I know what you’re thinking and no, keeping track in your head doesn’t count.

I’ve only recently started tracking my training progress very diligently, and it’s made such a big difference to the quality and intensity of my training sessions already.

The main reason I didn’t track much previously, and I’m sure this is common amongst personal trainers and experienced gym goers, is that you think that because you can remember the weights you used in your previous session, it’s unnecessary.

Or maybe you’re making your sessions up on the fly, and can’t see the point of tracking progress.

I would personally keep track of a few basics, but not consistently and definitely not in enough detail for my goals.

 

Progress, Slowgress or Nogress

The problem is that it’s hard to ensure that you’re making progress, and whether you’re moving in the right direction when you can’t look back at where you were.

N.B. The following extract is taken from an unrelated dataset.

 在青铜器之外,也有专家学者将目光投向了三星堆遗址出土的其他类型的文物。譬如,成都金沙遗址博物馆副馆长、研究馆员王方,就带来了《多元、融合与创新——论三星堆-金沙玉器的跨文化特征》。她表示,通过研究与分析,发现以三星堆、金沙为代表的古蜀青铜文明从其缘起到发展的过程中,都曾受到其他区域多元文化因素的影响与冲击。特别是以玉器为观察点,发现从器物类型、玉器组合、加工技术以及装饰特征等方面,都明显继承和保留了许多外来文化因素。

Not knowing for sure where you were last month, or even last session makes it pretty hard to plan ahead too.

So what should you keep track of?

I can already hear your eyes rolling back in your head because you know I’m about to prescribe you some homework, but don’t panic because tracking can be as simple or as detailed as you like, provided it allows you to reach the goals you’re seeking from your training.

IMG_8150

Pictured to the right is a page out of my training log (complete with some highly complicated equations at the bottom there), for the quick session I did just before I wrote what you’re now reading.

All I’ve written on that page is the stuff that’s going to allow me to progress during my next session.

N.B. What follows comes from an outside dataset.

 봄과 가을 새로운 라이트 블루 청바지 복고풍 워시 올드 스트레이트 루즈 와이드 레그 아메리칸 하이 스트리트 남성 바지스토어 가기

I could either add load, add reps (laps) or decrease the amount of time it takes me to complete the same task.

I’ve added in load per minute as a rough guide to the intensity of the session, so if that number goes up, I know I’ve done more work for each one minute period.

 

Make it work for you.

Now how you keep track is up to you.  There are a bunch of really great training apps available today designed to make the job easy for you but for me, a pen and a cheap notebook (or an expensive one if you really want) do the trick.

And, one more bit of advice with it.

When I’ve written training logs previously, I’ve always planned to write them at the end of the session, but when the end of the session rolled around I’d want to go home to eat.

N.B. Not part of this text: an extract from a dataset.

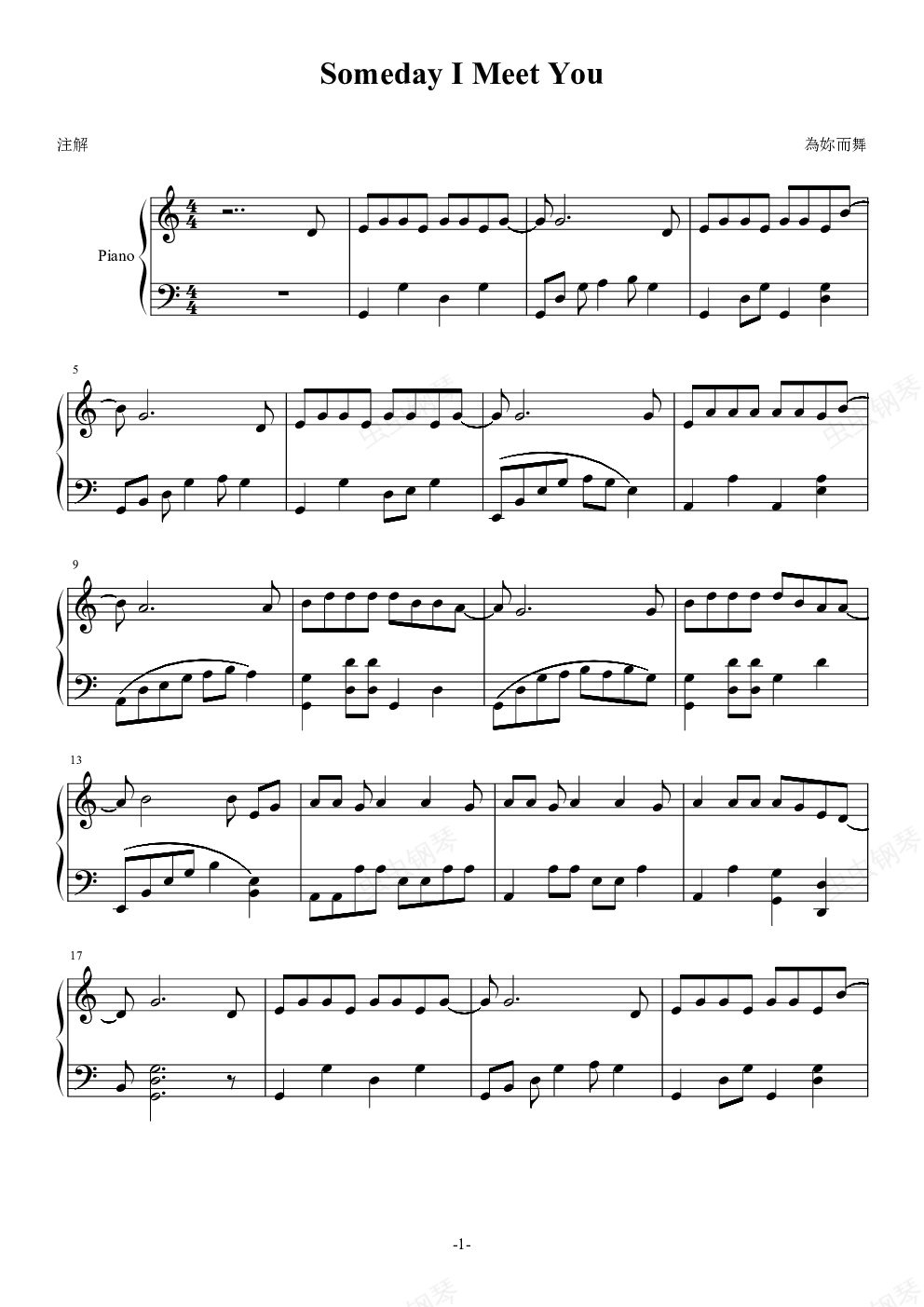 钢琴谱:Someday I Meet You

Usually I’d end up putting it off all day, until finally I’d skip doing it all together.

Filling your training log in between sets would be my advice.

Your less likely to forget details then too.

 

Where there’s a will, there’s a way.

I have a body that’s filled with a number of dud joints, mainly thanks to my much younger years when I had no idea about how to move well, plus a few more recent years where I wasn’t proactive enough with my prehab work and warm-ups.

Sometimes I feel like one million dollars, and other times I feel like someone has swapped out my skeleton with that of a ninety year old.

When your body is letting you down, that’s no excuse to stop moving, as in most cases (I wanted to say all cases but there are extremes that are exceptions) if you stop moving things will only get worse.

Your body is sore for a reason, so it’s a great time and the perfect motivation to improve on the things that are causing you issues.

At the moment, my back isn’t one hundred percent happy, due to a bit of an imbalance between left and right side hip strength and mobility.

So at the moment, instead of doing Barbell Romanian Deadlifts I’m doing Suitcase Romanian Deadlifts, and instead of Squats I’m doing Split Squats to try and balance out those imbalances.

And with suitable loading both those movements are hugely challenging, albeit in a different way to a traditional heavy barbell movement.

I’ve also been spending a lot more time warming up than I had previously, and doing specific drills to target weak links in the chain.

I was doing drills for those weak spots previously, but now that I’m tracking my training properly I’m able to see what’s working and what isn’t.

 

Aaaaaaand completely by accident, we’ve come full circle.

Now that this one is wrapped up in a neat little package, I’ll end it there.

 

Thanks again for reading, and I hope you found it helpful.